Task item: Your task is to transcribe the lines from the start of the data below through the line containing "SAMARINDA.apakabar.co– Pengurus Kota", inclusive, exactly as they stand and without the pictures.

Supplied material:
((

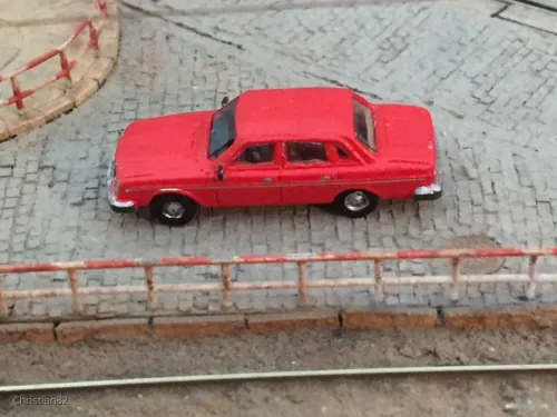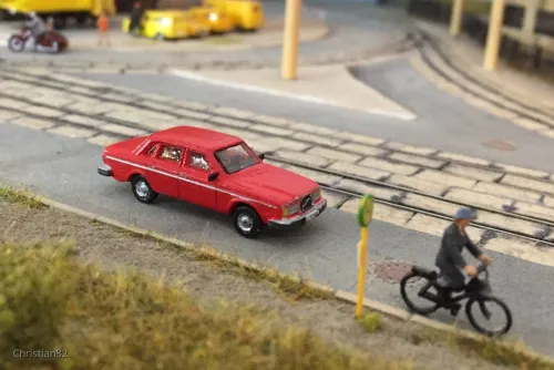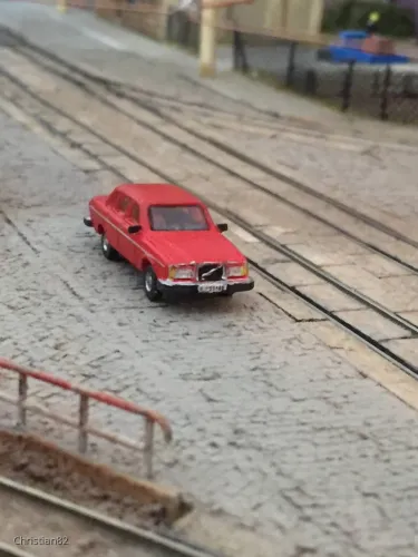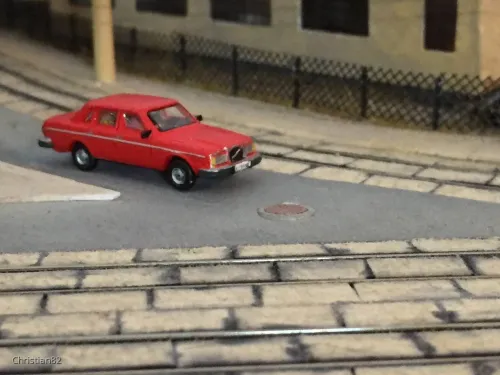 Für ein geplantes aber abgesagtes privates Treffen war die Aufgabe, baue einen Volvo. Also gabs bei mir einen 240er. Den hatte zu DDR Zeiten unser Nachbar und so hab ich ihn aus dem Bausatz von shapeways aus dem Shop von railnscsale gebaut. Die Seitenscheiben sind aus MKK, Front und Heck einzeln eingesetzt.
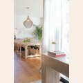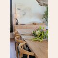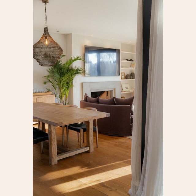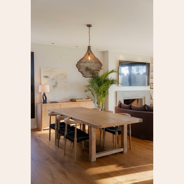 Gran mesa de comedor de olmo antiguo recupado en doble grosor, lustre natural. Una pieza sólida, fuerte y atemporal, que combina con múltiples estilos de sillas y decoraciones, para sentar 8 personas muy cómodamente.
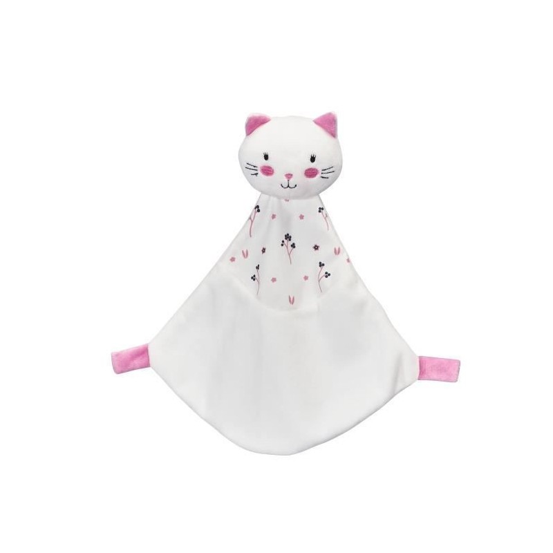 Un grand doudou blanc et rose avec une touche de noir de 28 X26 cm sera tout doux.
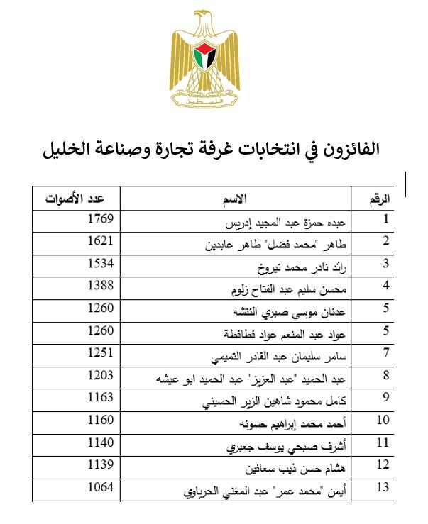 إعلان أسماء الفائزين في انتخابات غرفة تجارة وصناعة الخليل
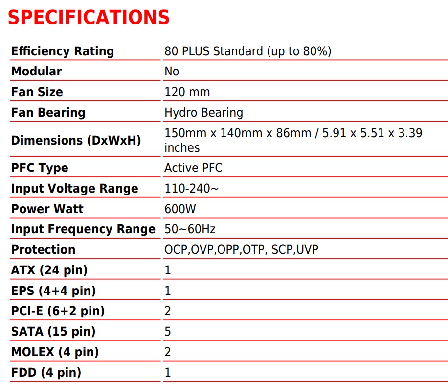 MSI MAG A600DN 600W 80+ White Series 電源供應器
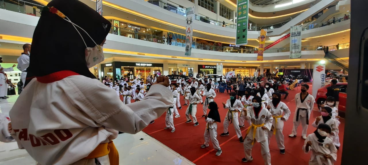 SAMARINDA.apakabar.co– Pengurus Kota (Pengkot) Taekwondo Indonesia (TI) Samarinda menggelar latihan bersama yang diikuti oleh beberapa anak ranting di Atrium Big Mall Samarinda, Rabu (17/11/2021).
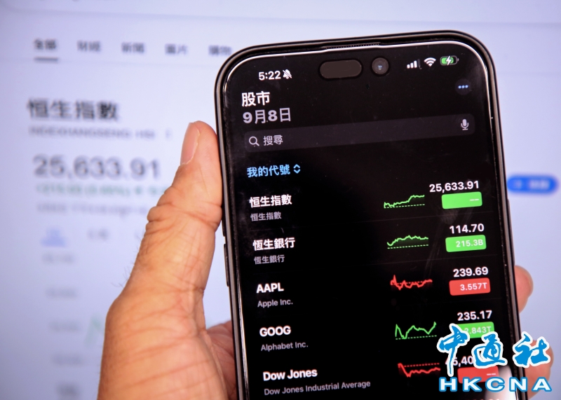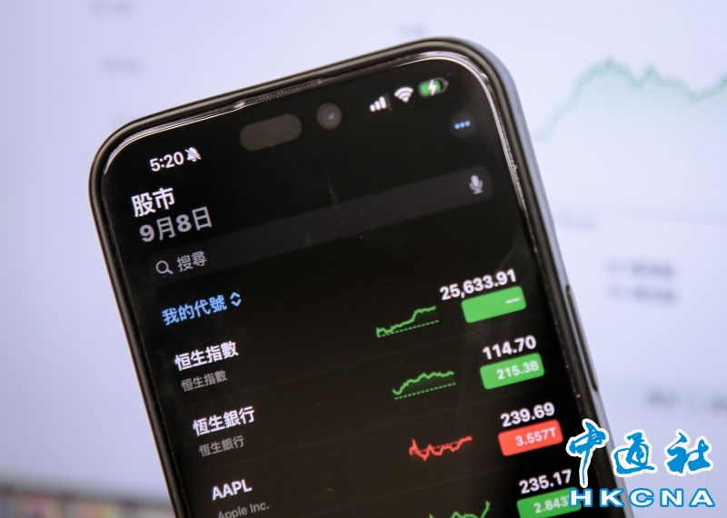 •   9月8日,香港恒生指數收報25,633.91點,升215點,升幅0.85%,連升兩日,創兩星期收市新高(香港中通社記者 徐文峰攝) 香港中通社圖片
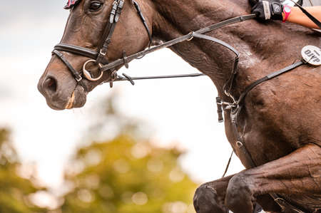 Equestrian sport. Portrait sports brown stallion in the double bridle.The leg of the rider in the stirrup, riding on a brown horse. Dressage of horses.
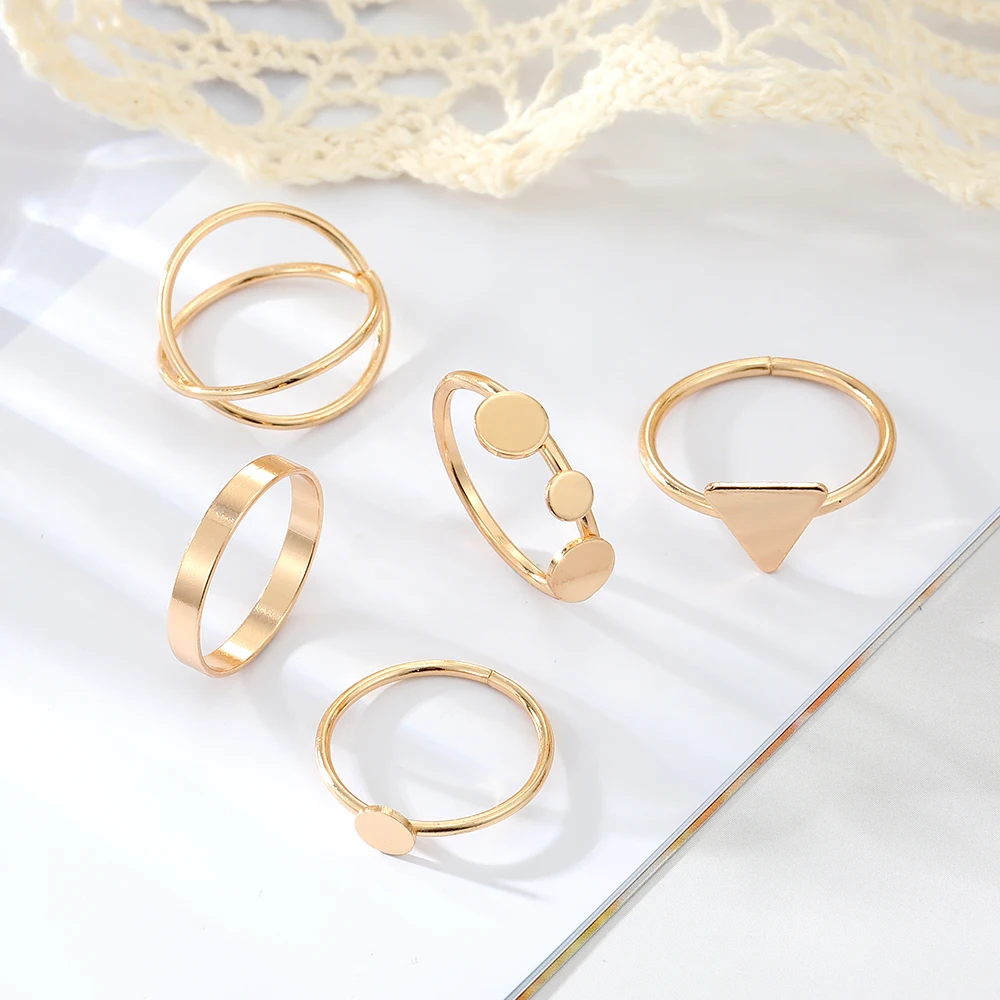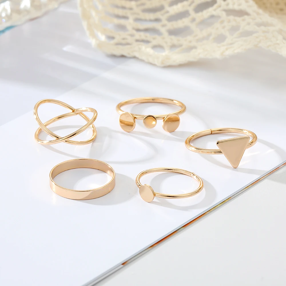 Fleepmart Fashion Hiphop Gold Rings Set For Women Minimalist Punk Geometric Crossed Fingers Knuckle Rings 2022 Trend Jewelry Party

))

Problem solution:
 Für ein geplantes aber abgesagtes privates Treffen war die Aufgabe, baue einen Volvo. Also gabs bei mir einen 240er. Den hatte zu DDR Zeiten unser Nachbar und so hab ich ihn aus dem Bausatz von shapeways aus dem Shop von railnscsale gebaut. Die Seitenscheiben sind aus MKK, Front und Heck einzeln eingesetzt.
 Gran mesa de comedor de olmo antiguo recupado en doble grosor, lustre natural. Una pieza sólida, fuerte y atemporal, que combina con múltiples estilos de sillas y decoraciones, para sentar 8 personas muy cómodamente.
 Un grand doudou blanc et rose avec une touche de noir de 28 X26 cm sera tout doux.
 إعلان أسماء الفائزين في انتخابات غرفة تجارة وصناعة الخليل
 MSI MAG A600DN 600W 80+ White Series 電源供應器
 SAMARINDA.apakabar.co– Pengurus Kota (Pengkot) Taekwondo Indonesia (TI) Samarinda menggelar latihan bersama yang diikuti oleh beberapa anak ranting di Atrium Big Mall Samarinda, Rabu (17/11/2021).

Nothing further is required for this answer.